- **PROMPT**
Pictures are to be left out, and only the lines below starting at the one with "原秀樓(前(qian)中)指(zhi)導村民(min)大棚西瓜管理" and ending at the one with "قال عضو حركة" are to be reproduced, each exactly, both ends included.
Content starts
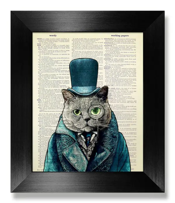 Geekery Cat Lover Gift Man Office Decor Steampunk Top Hat Cat Painting Original Artwork Funny Animal Art British Shorthair Clothes Poster
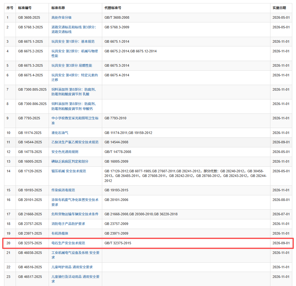 强制性国家标准GB 32375-2025《电石生产安全技术规范》于2025年10月5日正式批准发布,将于2026年9月1日起正式实施。
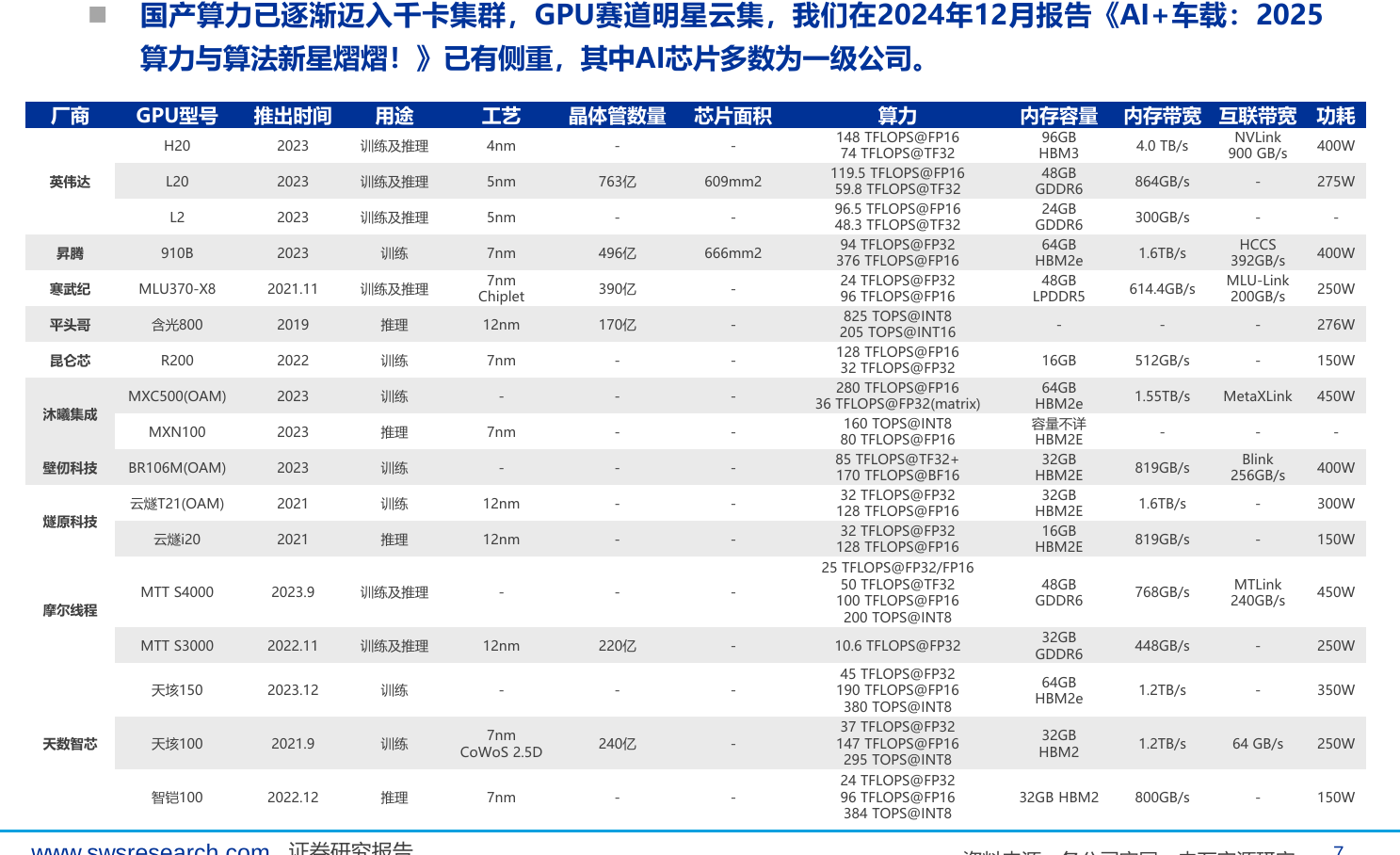 华为下一代芯片(可能命名为910x)将支持FP8精度,预计第四季度送测厂商。当前910B库存积压,主要用于推理而非训练。寒武纪690、摩尔线程S5000等国产芯片已支持FP8,但华为生态软件适配更优。国产GPU架构自主可控问题:计算公司公告称“力争解决”,实际未完全自主(采用Imagination IP)。
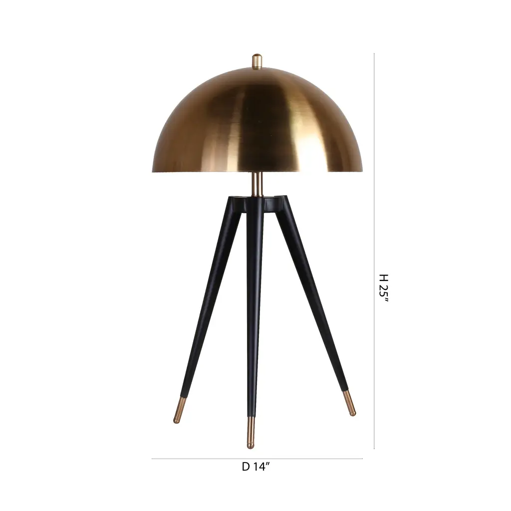 This traditional table lamp is a sleek and sophisticated lighting fixture. With a diameter of 14 inches and a height of 25 inches, it's a compact and stylish piece that can add a touch of elegance to any room. The black frame provides a modern and sleek look, while the gold metal lampshade adds a touch of luxury and sophistication. The fixture is designed to accommodate a 100W bulb (Bulbs Not Included), and its 1xE26 base ensures a secure and easy installation. Overall, this table lamp is perfect for those who want to add a touch of modern style and sophistication to bedroom, living room, or reading room, and its compact size makes it ideal for smaller spaces or corners.
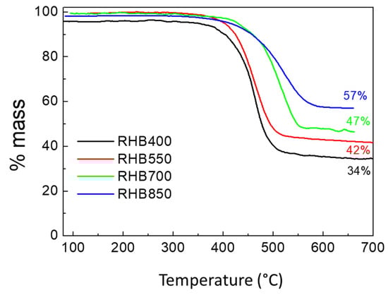 At the beginning of the thermal treatment an isothermal step for 1 min in 80 °C was applied, to remove the adsorbed water. For all the biochars there is a small mass loss, due to adsorbed water, which is higher for the RHB400. During thermal treatment a sharp decrease in the mass was observed for all the samples, resulting in the burn of the organic phase and the removal of C. Interestingly, the temperature where the decomposition occurs increases with the pyrolysis temperature. This clearly shows that burning the carbonaceous phase requires a higher amount of heat since higher pyrolysis temperatures transform the carbonaceous phase to hard carbon. This was also observed in different biochars after treatment with acid or base solution, where the carbonaceous phase was different after treatment and exhibits differences in the burning temperature []. The amount of the minerals can be estimated by the mass left in TGA run. The RHB850 sample has more than half of its weight minerals, while the RHB400 has 34%. Since higher pyrolysis temperatures results in increased removal of organic phase this is expected. The mass of the minerals left after TGA run is reported in Table 2.
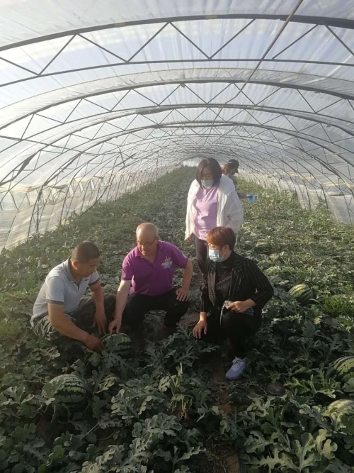 原秀樓(前(qian)中)指(zhi)導村民(min)大棚西瓜管理
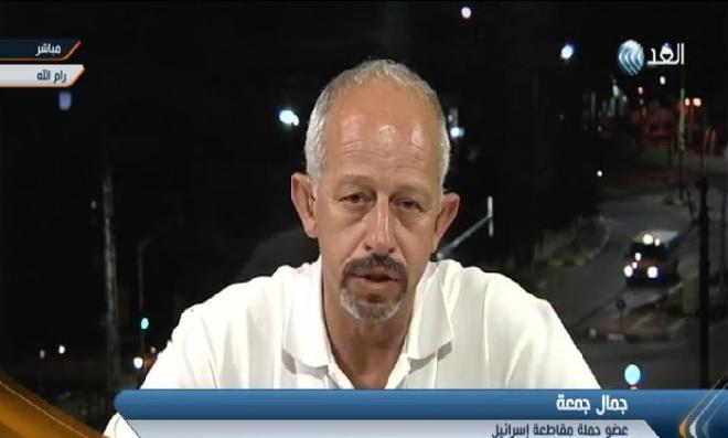 قال عضو حركة مقاطعة إسرائيل، جمال جمعة، إن" حركة المقاطة حاليا تسعى لتعزيز دورها الدولي والاقليمي فى مواجهة عمليات التطبيع الممنهح مع إسرائيل بما يتطلب جهد مع المؤسسات الحكومية، بالإضافة لمحاربة التطبيع على المستوى المحلي المتمثل في مطالبة الحملة بحل لجنة التطبيع المشكلة ، وكذلك حث منظمة التحرير على وقف التنسيق الأمني مع إسرائيل."
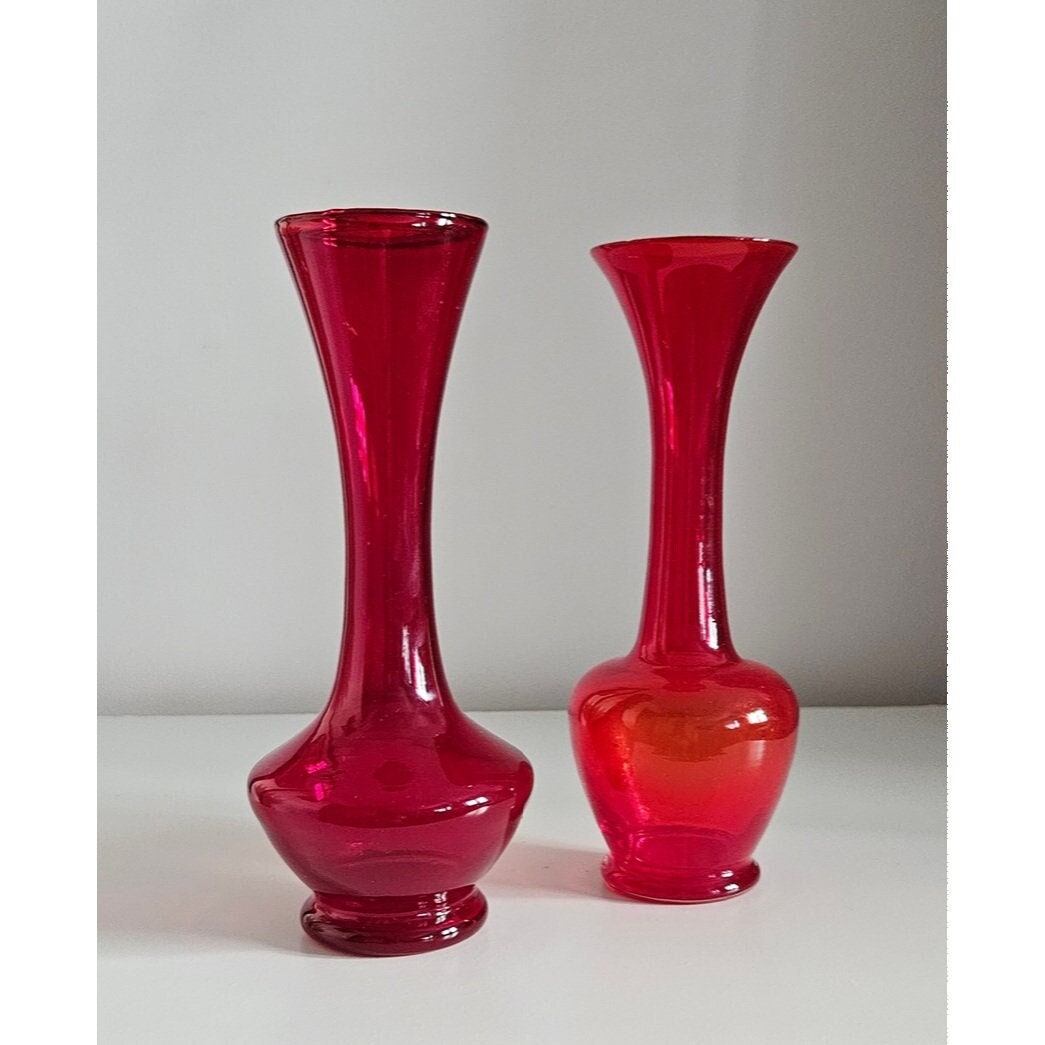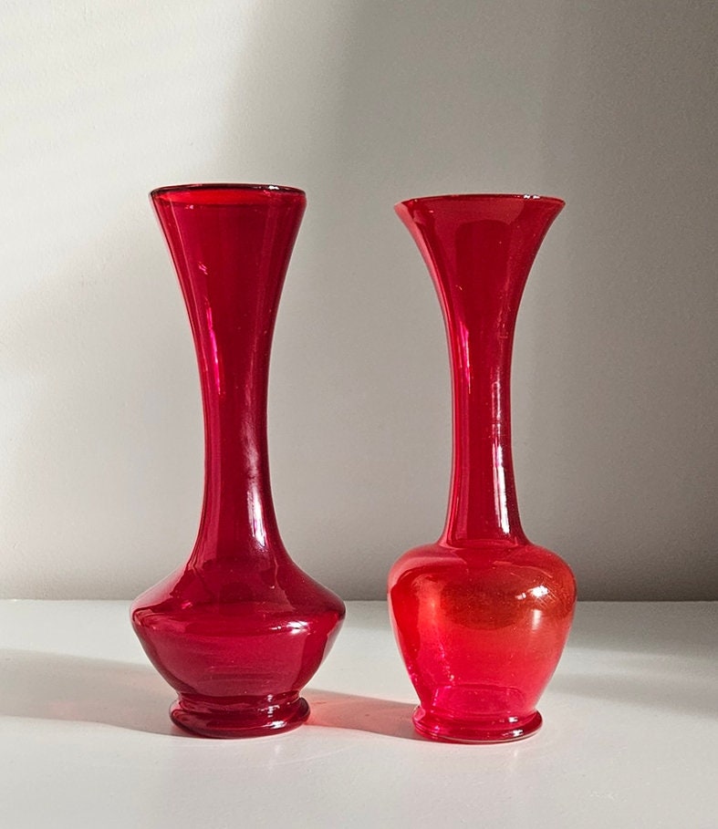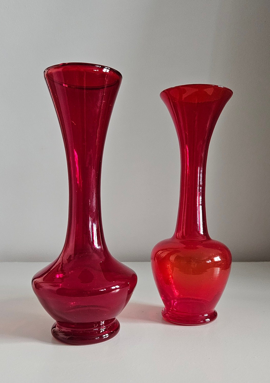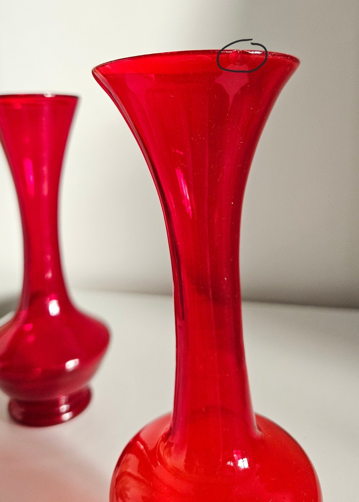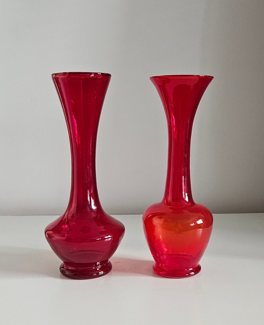 Add a touch of vintage charm to your decor with this delightful pair of small red bud vases.
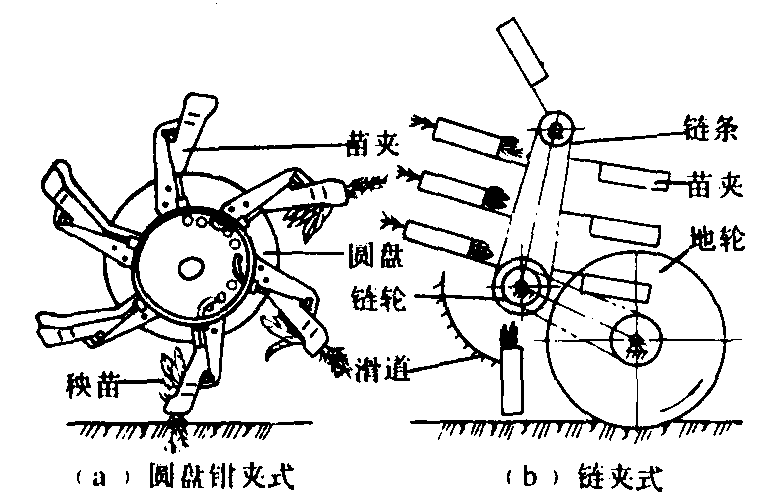 裸根苗栽植机soilless seedling transplanter将育成的裸根苗栽植到田间的机械。也称无钵苗栽植机。一次作业可完成开沟、栽苗、浇水、覆土和镇压等工序。适用于栽植油菜、玉米、高粱等作物。相对钵苗栽植机而言,机组轻巧,苗箱载苗量大。 20世纪30年代,苏联、英国、美国和德国等相继研制出不同结构型式的裸根苗栽植机,广泛使用的是人工供苗、机械栽植的半自动栽植机。中国从70年代开始研制旱作裸根苗栽植机,最初用于玉米移栽。80年代初研制成适于栽植蔬菜的裸根苗半自动栽植机。 裸根苗半自动栽植机主要由栽植器、开沟器、覆土器、秧箱及传动机构等组成。通过地轮带动栽植器运转,操作者直接或通过中间机构间接将秧苗供给苗夹,秧苗随着苗夹旋转到与地面垂直位置时,苗夹脱离滑道控制而松开,秧苗落入由开沟器开出的栽植沟内随后覆土镇压。人工供苗的频率为每人每分钟40~50株。为保证栽植后秧苗能垂直于地面,栽植器必须符合“零速原理”,即苗夹的圆周速度与机器前进速度大小相等,方向相反,使苗夹与土壤的瞬时相对速度等于零。 栽植器是栽植机的主要工作部件。按结构型式可分为圆盘钳夹式、链夹式和挠性双圆盘式。圆盘钳夹式栽植器[图(a)]的苗夹固定在旋转的圆盘上作圆周运动;链夹式栽植器[图(b)]的苗夹安装在循环运转的链条上,可使供苗区内苗夹数大于2,且供苗时的移动线速度低于栽植时的线速度,有利于人工供苗,提高供苗的准确性。挠性双圆盘式栽植器由两个可以弯折的圆盘组成。两个圆盘同时转动,在一定角度位置互相接触夹住秧苗,至垂直地面位置时松开,秧苗落入栽植沟内。这种栽植器在圆周任何位置都可夹秧苗。有的栽植器由一个橡胶圆盘和一个金属圆盘组成。栽植手将秧苗放入供苗输送带上,由输送带送入两个圆盘之中而被夹住,带到栽植沟里。若栽植机采用双橡胶圆盘栽植器与卷苗机配套使用时,应预先将秧苗夹在两条带子中间制成苗捆。栽植时,逐渐打开苗捆,秧苗被两个橡胶圆盘夹住,进行自动栽植。
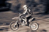 Een motorcrosswedstrijd in Noord-Hessen bij Kelze. De achtergrond is onscherp gemaakt door de camera mee te trekken. Een motorfoto vol actie in zwart-wit.
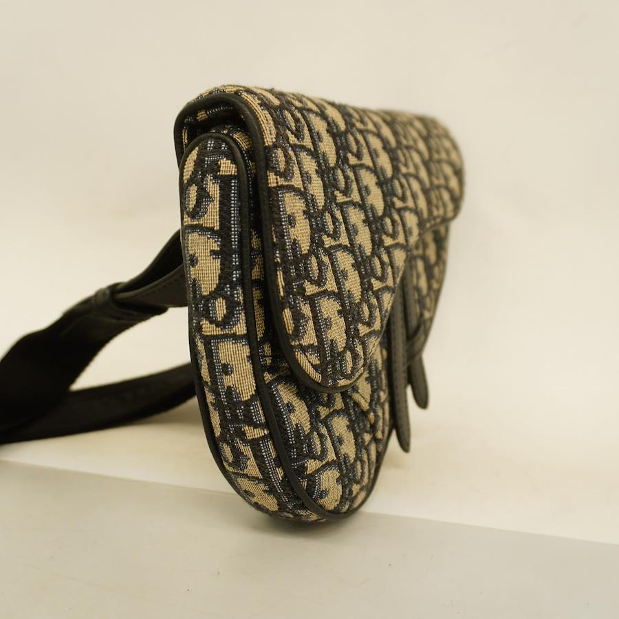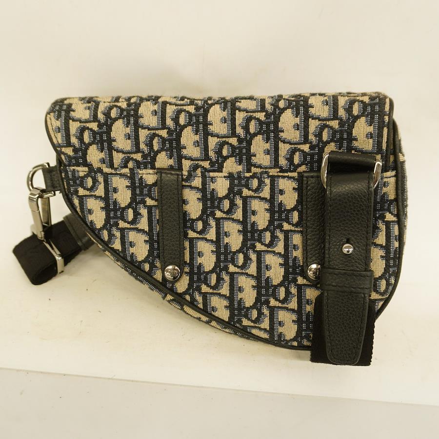 【5id4458】クリスチャンディオール ショルダーバッグ サドル キャンバス ブラック シルバー金具【中古】メンズ
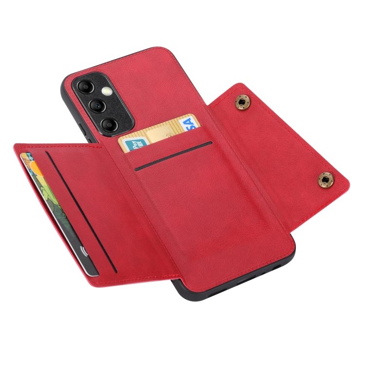 Funda Magnética Samsung Galaxy A05S 4G con Ranuras para Tarjetas y Doble Hebilla (Rojo)
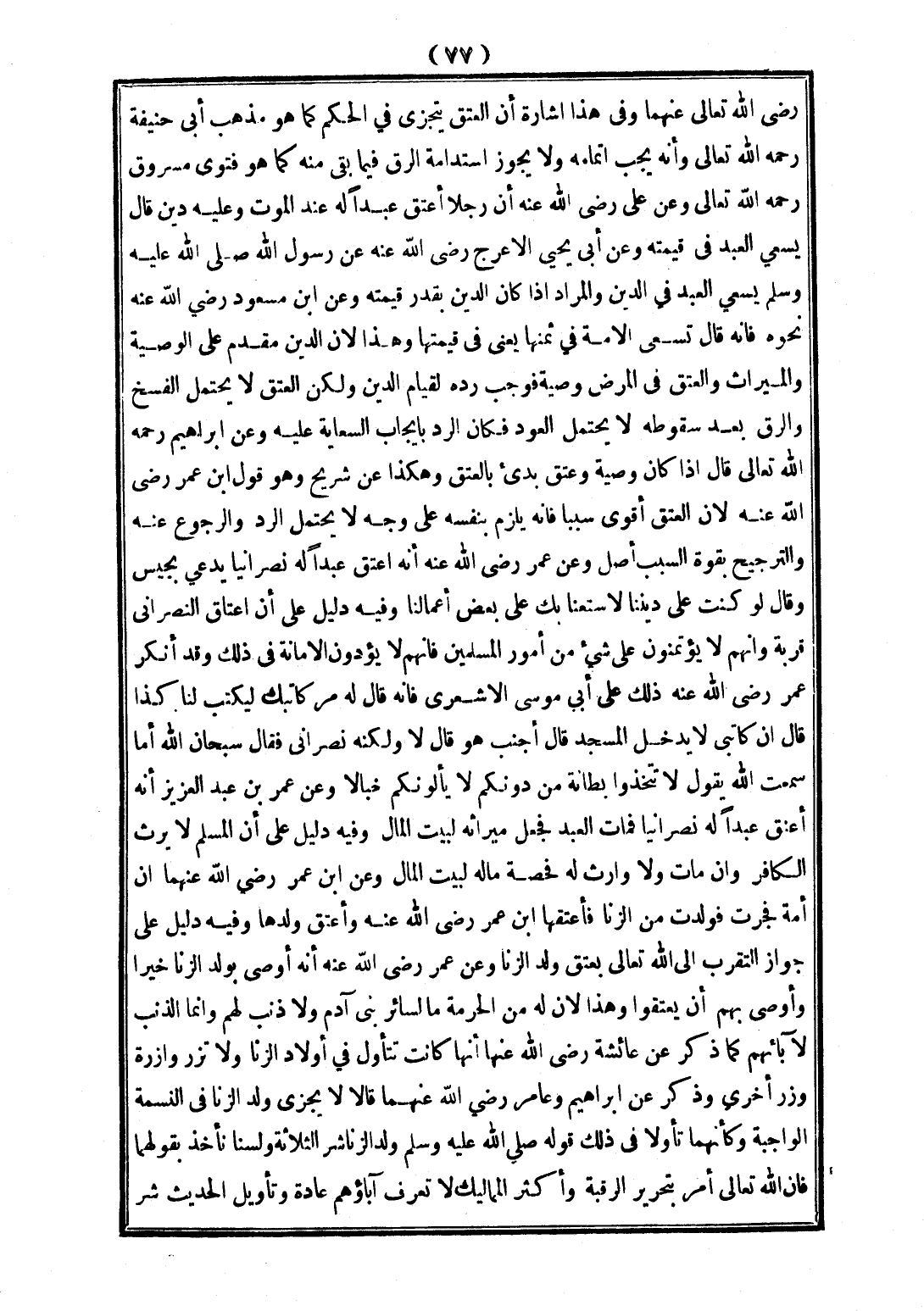 - رَضِيَ اللَّهُ تَعَالَى عَنْهُمَا - وَفِي هَذَا إشَارَةٌ أَنَّ الْعِتْقَ يَتَجَزَّأُ فِي الْحُكْمِ كَمَا هُوَ مَذْهَبُ أَبِي حَنِيفَةَ - رَحِمَهُ اللَّهُ تَعَالَى -، وَأَنَّهُ يَجِبُ إتْمَامُهُ، وَلَا يَجُوزُ اسْتِدَامَةُ الرِّقِّ فِيمَا بَقِيَ مِنْهُ كَمَا هُوَ فَتْوَى مَسْرُوقٍ - رَحِمَهُ اللَّهُ تَعَالَى -.
Content ends
- **RESULT OF THE TASK**
 原秀樓(前(qian)中)指(zhi)導村民(min)大棚西瓜管理
 قال عضو حركة مقاطعة إسرائيل، جمال جمعة، إن" حركة المقاطة حاليا تسعى لتعزيز دورها الدولي والاقليمي فى مواجهة عمليات التطبيع الممنهح مع إسرائيل بما يتطلب جهد مع المؤسسات الحكومية، بالإضافة لمحاربة التطبيع على المستوى المحلي المتمثل في مطالبة الحملة بحل لجنة التطبيع المشكلة ، وكذلك حث منظمة التحرير على وقف التنسيق الأمني مع إسرائيل."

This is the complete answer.